//Gedenkfeier anlässlich Albert Schweitzers Geburtstag

Gedenkfeier anlässlich Albert Schweitzers Geburtstag

Am 14. Januar wäre Albert Schweitzer 135 Jahre alt geworden. Die alljährliche Gedenkveranstaltung in der Kaiser-Wilhelm-Gedächtniskirche war in diesem Jahr besonders dem  50jährigen Jubiläum des Albert-Schweitzer-Kinderdorf Berlin e.V.  in 2010 gewidmet.     

Diesem Anlass Rechnung tragend gestaltete Rainer Haßelmann, Vorstandsvorsitzender des Albert-Schweitzer-Kinderdorf Berlin e.V., den Hauptvortrag des Abends. Er sprach über „50 Jahre Albert-Schweitzer-Kinderdorf in Berlin“.   

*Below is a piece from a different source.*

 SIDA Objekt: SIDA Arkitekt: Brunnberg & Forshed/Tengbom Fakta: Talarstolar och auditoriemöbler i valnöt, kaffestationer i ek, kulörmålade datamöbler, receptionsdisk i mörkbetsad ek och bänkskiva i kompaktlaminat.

Zunächst erläuterte er den Ursprung der Kinderdorf-Idee – diese war von Robert Corti 1944 in der Schweiz entwickelt worden – und skizzierte den historischen Werdegang von den ersten Kinderdörfern in der Schweiz bis zur Gründung des ersten Albert-Schweitzer-Kinderdorfs in Waldenburg im Jahr 1957. Albert Schweitzer war von der Kinderdorf-Idee begeistert und hatte bereits die Patenschaft für das Waldenburger Kinderdorf übernommen, als er dies im Jahr 1960 auch für den Albert-Schweitzer-Kinderdorf Berlin e.V. tat. Bis zu seinem Tod pflegte er eine regelmäßige Korrespondenz mit dem Verein.   

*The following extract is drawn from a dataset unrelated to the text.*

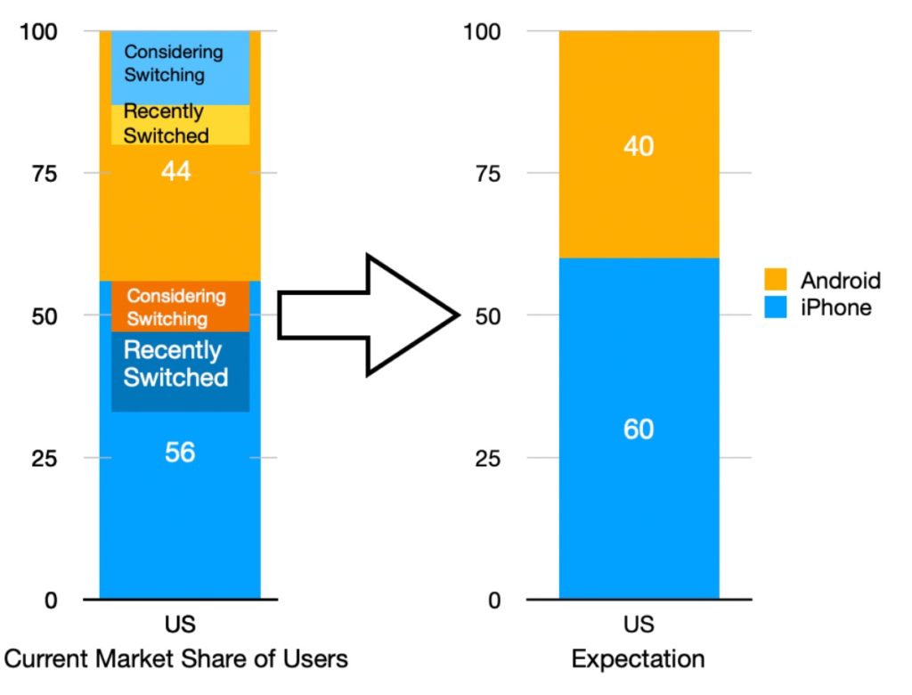 “There are more than 1 billion iPhone users,” he writes. “The total number of users has been rising steadily. iPhone users make up about 26% of all smartphone users (3.8 billion is the current estimate). The share of users in the US is about 60% (or soon will be.) The share in UK is close to 50%. All these share numbers are higher than ever. Over 14% of US and 10% of UK survey respondents have switched to an iPhone in the past two years.”

Rainer Haßelmann skizzierte in seinem Vortrag die historische Entwicklung des Vereins von 1960 an und erläuterte den über 250 anwesenden Gästen im Folgenden ausführlicher, wie sich das Leben in einem  Kinderdorf gestaltet. „Die Kinderdorfarbeit hat sich in den vergangenen 50 Jahren sehr gewandelt“ betonte er dabei. „Die Anforderungen an Kinderdorf-Eltern sind massiv gestiegen.“ Den damit verbundenen Herausforderungen stellen sich heute 20 Berliner Kinderdorf-Eltern in drei Standorten. „Sie tun dies jeden Tag mit viel persönlichem Einsatz und Engagement“ stellte Rainer Haßelmann heraus und dankte ihnen herzlich dafür.   

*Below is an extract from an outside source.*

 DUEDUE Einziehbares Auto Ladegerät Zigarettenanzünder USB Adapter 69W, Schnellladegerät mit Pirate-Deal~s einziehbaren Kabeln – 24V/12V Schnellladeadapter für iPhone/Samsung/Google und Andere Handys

Eigens für den Besuch dieser Veranstaltung war Frau Monique Egli, die Enkelin Albert Schweitzers, nach Berlin gereist. Sie genoss sichtlich den Beitrag des Kinderchores vom Albert-Schweitzer-Kinderdorf, der den Höhepunkt der musikalischen Beiträge des Abends bildete.   

Die Kinder und Jugendlichen aus Reinickendorf und Gatow hatten – unter der Leitung von Dörthe Joite und Leonore Wüstenberg –  in den Monaten zuvor intensiv für diesen Auftritt geprobt und wurden mit langem und herzlichem Applaus für ihre Darbietung belohnt. Weiterhin trat der Zehlendorfer Gospelchor der Kirchengemeinde „Zur Heimat“ unter Leitung des Amerikaners Darryl Best auf. Wie immer umrahmten verschiedene Orgelstücke, zur Darbietung gebracht von Kirchenmusikdirektor Helmut Hoeft, das Programm.